Vaccines for high-risk infants and children: for those with specific health conditions or elevated exposure risk.
Vaccines provided through “shared clinical decision-making”: chosen jointly by families and clinicians. This category means that access to these vaccines hasn’t been taken away, but it does mean that clinicians may not automatically offer these vaccines to all children. Families may need to request these vaccines.

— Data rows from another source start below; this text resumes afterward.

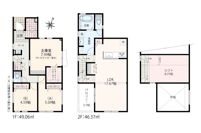 ランドリーラック、固定階段大型ロフトなどを設置した建売分譲住宅です。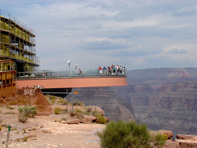 Nun aber zu unserem gestrigen Ausflug zum Grand Canyon Skywalk. Mit unsrem fetten Dodge Durango Jeep fuhren wir knapp 3 Stunden am Hoover Damm vorbei zum Aussichtspunkt, welcher in einem Indianer-Reservat liegt. Zum GlĂŒck hatten wir einen Jeep (wie schon 2004 als Bergpuma), denn die Strecke 30 Meilen davor war gröĂtenteils unbefestigt. (@Schiedi: WĂ€r ein Königreich fĂŒr den Subaro Impreza gewesen).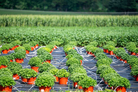Rows of potted mums on a farm with irrigation lines ground cover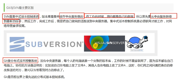 1.2 集中式版本控制 常用的如 SVN(subVersion),可用于多用户协同工作 缺陷:必须在联网的条件上使用。在使用时会有一个中央服务器,多个用户在每天工作开始时,从服务器上拉取最新的代码,晚上工作完,再将更新之后的代码推送到服务器上。 当服务器出现损坏时,将无法继续工作。 -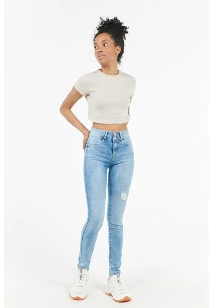 Jean para mujer, 5 bolsillos, tiro medio, pretina ancha de doble botón, efecto push up con lavado azul claro.
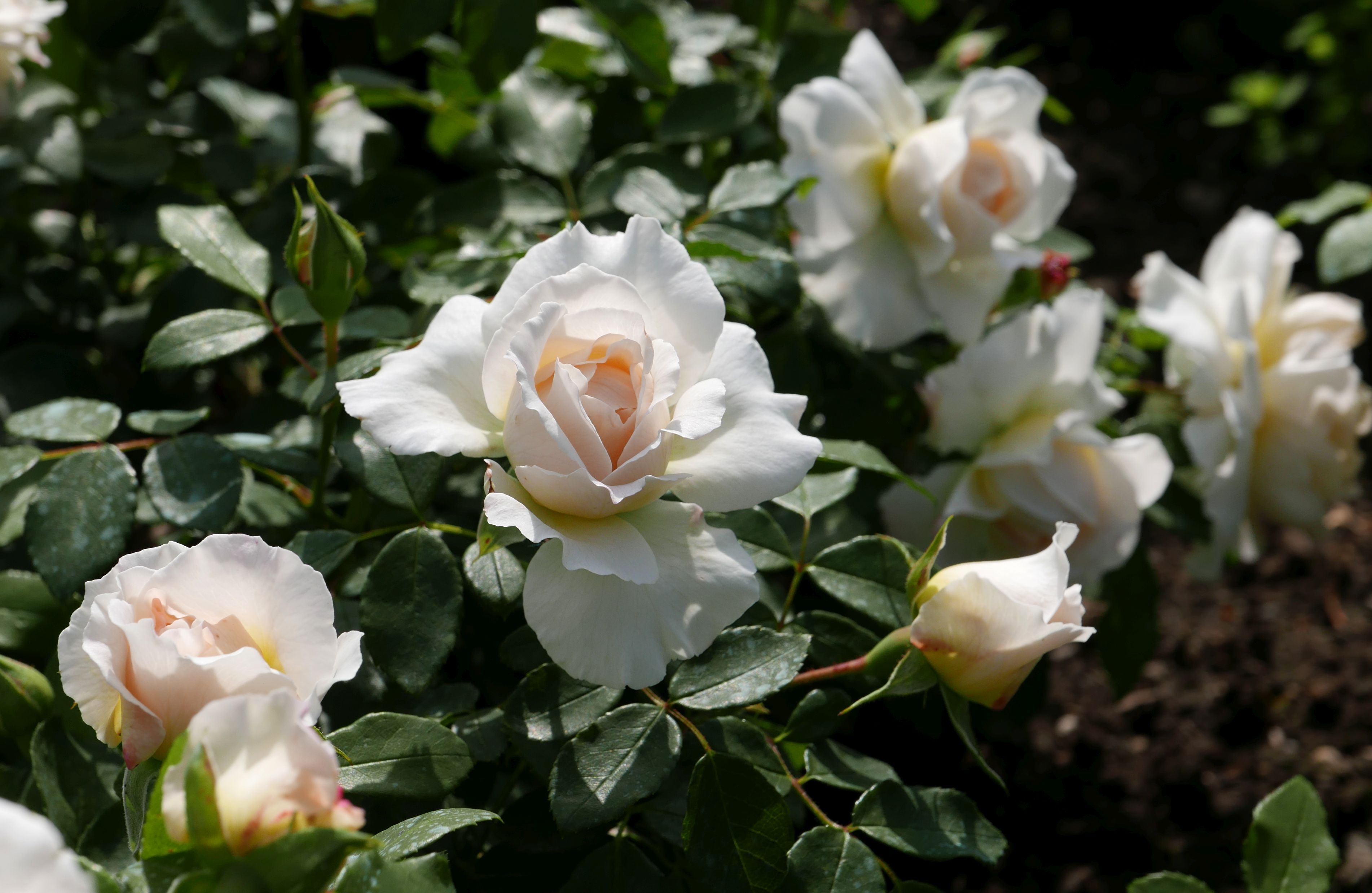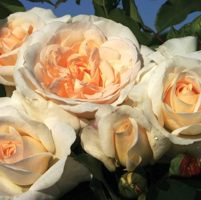 Цветки растут как поодиночке, так и в соцветиях. На каждом побеге вырастает от 1 до 3 бутонов. Кусты окутывает сильный и приятный аромат.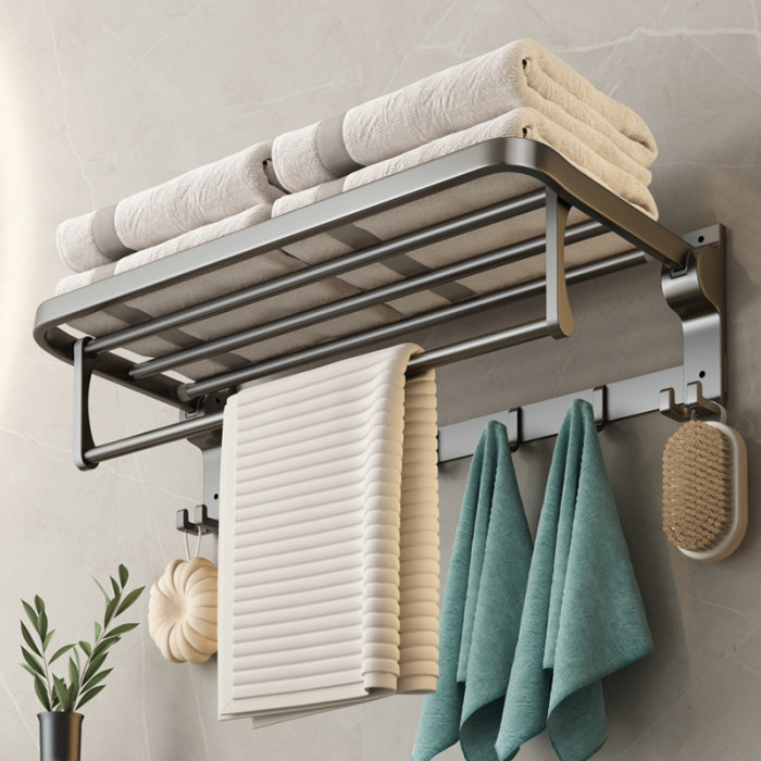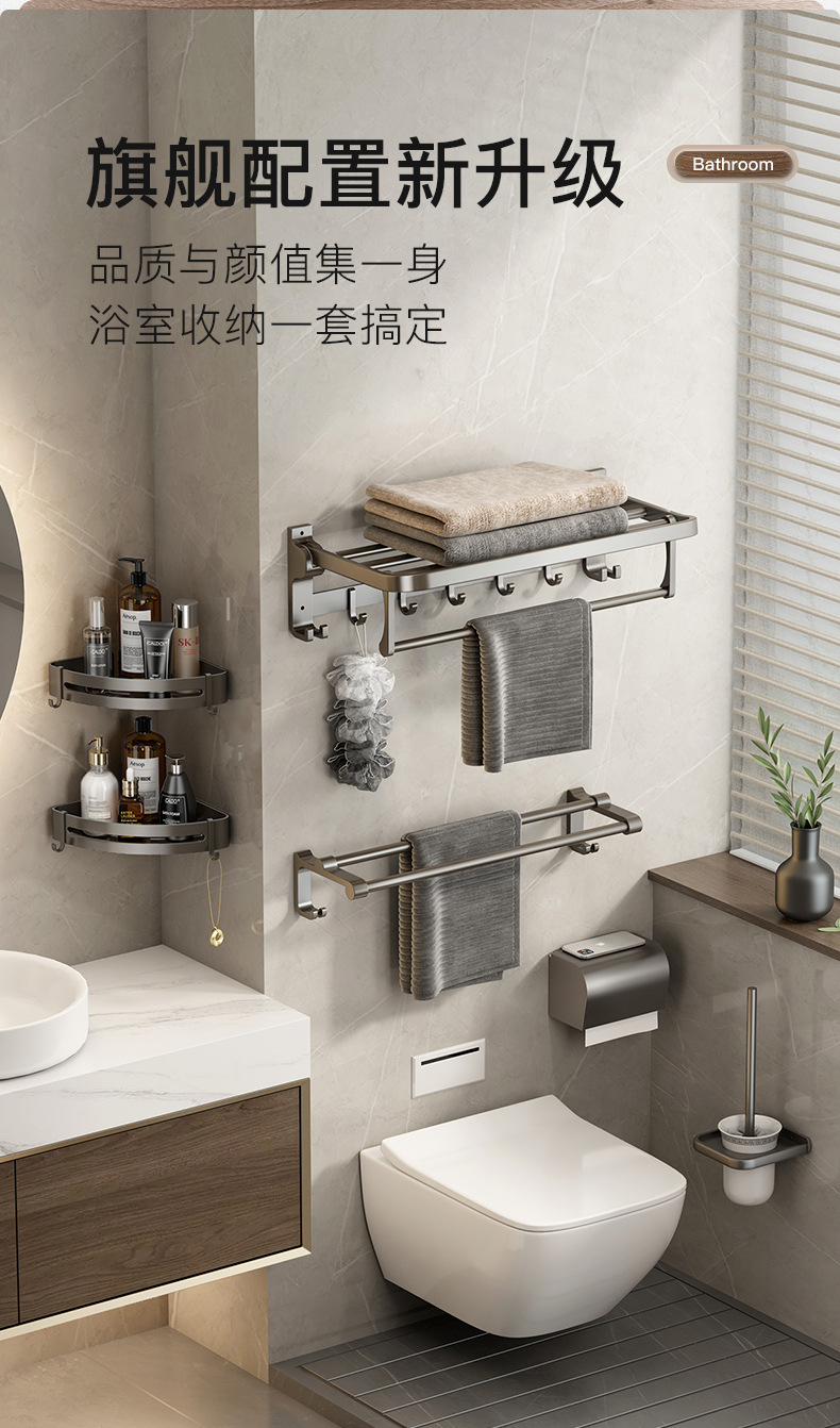 毛巾架免打孔衛生間置物架一體架子牆上掛架厠所洗澡間浴室浴巾架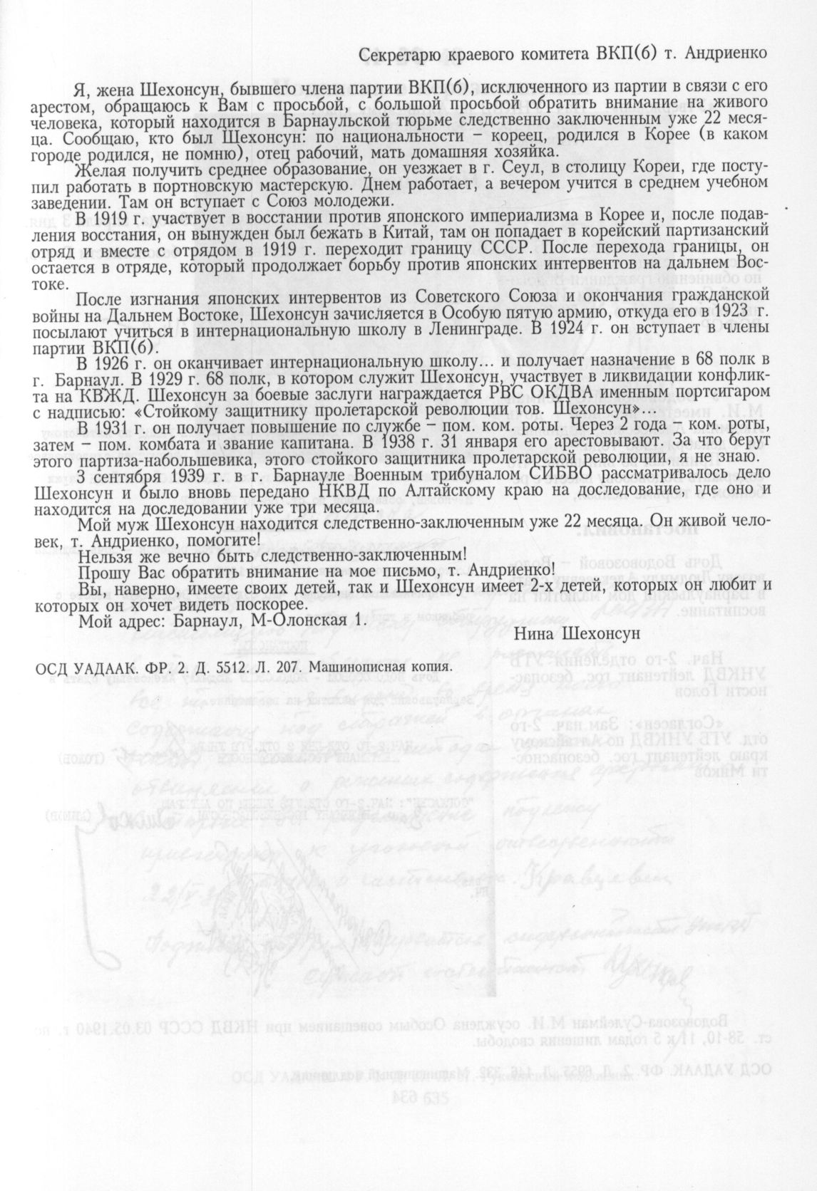 Письмо жены Ше Хан Сун Нины Шехонсун секретарю Алтайского крайкома ВКП(б). [1939 г.] // ОСД УАДААК. ФР. 2. Д. 5512. Л. 207. Машинописная копия.

Childhood vaccines against the following infections remain on the “must-get” list:
Measles, Mumps, Rubella (MMR)
Polio
Diphtheria, Tetanus, Pertussis (whooping cough)
Haemophilus influenzae B
Streptococcus pneumoniae (pneumococcal disease)
Varicella (chickenpox)
Human papillomavirus (HPV)
Immunizations HHS recommends for all children:
The vaccines that were moved off the universal list include:
Hepatitis A and B
Influenza (flu)
COVID
Respiratory syncytial virus (RSV)
Rotavirus
Neisseria meningitidis (meningococcal disease)
However, these shots are still available and covered by insurance.
The new childhood vaccine recommendations are really confusing.
If you’re having trouble deciphering the new recommendations, you’re not alone. I couldn’t cover it all in 2 minutes and 30 seconds on air. And if I can’t explain all of this to you in a quick soundbite and easy to read graphics, a lot of people, including doctors, are going to be confused about what to do.
HHS is now recommending some vaccines only for high-risk infants, children, and teens, who have specific health conditions or risk factors. These include RSV, hepatitis A and B, meningococcus, and dengue.
HHS is also recommending the following vaccines based on “shared clinical decision-making”: rotavirus, COVID, influenza, hepatitis A and B, and meningococcus. Families may need to ask for their kids to be vaccinated against these infections.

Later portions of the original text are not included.